Now, thanks to General Electric, the options free lunch is in its final days. GE’s announcement last week that it will start subtracting options from its reported profits is a pivotal event, because GE is the country’s biggest company in terms of stock-market value, and its influence is immense. Coca-Cola started the current stampede with a surprise decision in mid-July to treat options as an expense. Before that, only a handful of firms did so. Now more than 30 companies from Ambac to Wachovia have joined the bandwagon. Recently adopted international accounting standards would have probably brought the free-options era to a close in a few years, but by stepping up now, companies look like good guys. “The world will eventually separate those who stepped up voluntarily from the 10 percent who were dragged into it,” says Warren Buffett, who for years has nagged companies to treat options as an expense, “and won’t buy stock in any of the 10 percent.”

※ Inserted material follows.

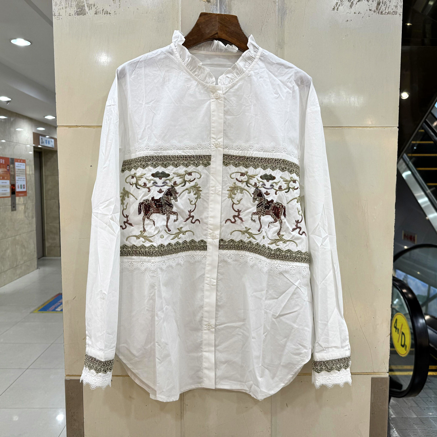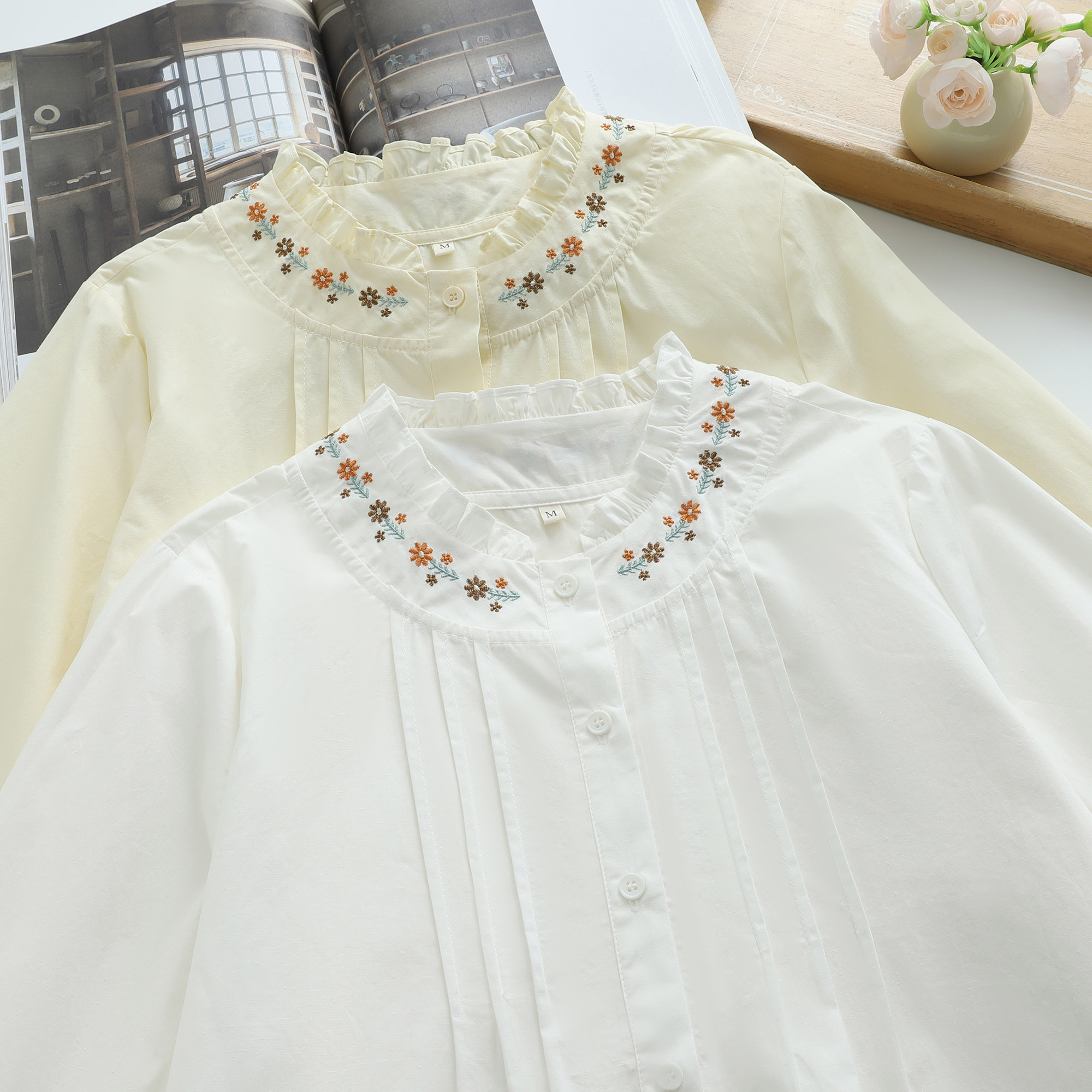 JD617 木耳花边领钉珠马刺绣花复古休闲纯棉白衬衣上衣春装2026新

Obviously, Coke et al. aren’t acting out of totally unselfish motives. In these scandal-ridden, bear-market days, with disgraced executives taking perp walks in handcuffs and others taking the Fifth Amendment in televised congressional hearings, companies want to be seen doing something to look like good guys. And to restore investors’ faith in their bookkeeping. GE has been under attack for opaque, opportunistic accounting. So it’s expensing options and forcing its top executives to hold stock rather than cashing in options profits. Stanley Works has given up its plan to duck U.S. taxes by opening a mail drop in Bermuda. PricewaterhouseCoopers’s PwC Consulting, which was also trying to play the Bermuda tax-dodge game, decided instead to sell itself to IBM.
Before we proceed, some disclosures. Buffett is on the board of NEWSWEEK’s owner, The Washington Post Company, which was right behind Coke in announcing plans to consider options an expense. And I own about $12,000 of stock in Buffett’s company, Berkshire Hathaway, through NEWSWEEK’s 401(k) plan.
Back to the main event. With options-accounting reform inevitable, let’s see what this change means. And why it’s not a magic cure for what ails the stock market.
An option gives an employee the right–but not the obligation–to buy stock at a fixed price for a fixed period, generally 10 years. That right is very valuable. Say you have an option to buy 1,000 shares of Coke at Friday’s closing price of $50.10. You’ve got the same profit potential as someone who shelled out $50,100 for the stock, but you don’t have to lay out any money and you don’t risk a loss if the price falls. Placing a value on this right gets a little esoteric. But with the right software and databases, you can use the widely accepted Black-Scholes options-pricing formula to come up with a reasonable guess.
Coke, influenced by the market-savvy Buffett, who’s on its board, has gone a step further. It will get bids on options for 10,000 Coke shares, then apply the per-share price to the 25 million or so options it grants annually. This gives Coke an idea of its true options cost: how much outsiders would pay for the options that Coke is giving away to employees.
Other companies will value options the same way they currently do in financial footnotes. Some are waiting to see what everyone else does. The only thing we can be sure of is that consultants are going to make lots of money issuing high-ball or low-ball option-cost numbers. That’s not perfect–but it’s sure better than pretending that options, which employees value highly, don’t cost employers anything. This accounting fantasy leads companies to give CEOs options rather than restricted stock, which counts as an expense. The options obsession contributes mightily to an atmosphere in which goosing the stock price is paramount.
Treating options as an expense won’t get the Dow back to 11,000 tomorrow, or the Nasdaq to 5000. It will restore some investor confidence–but won’t solve the problem of stock prices as a whole still being high, or foreign investors bailing out. Sure, it would be great if a mere accounting change could make all of us investors rich again. But that would be a free lunch. And we know those don’t exist. Don’t we?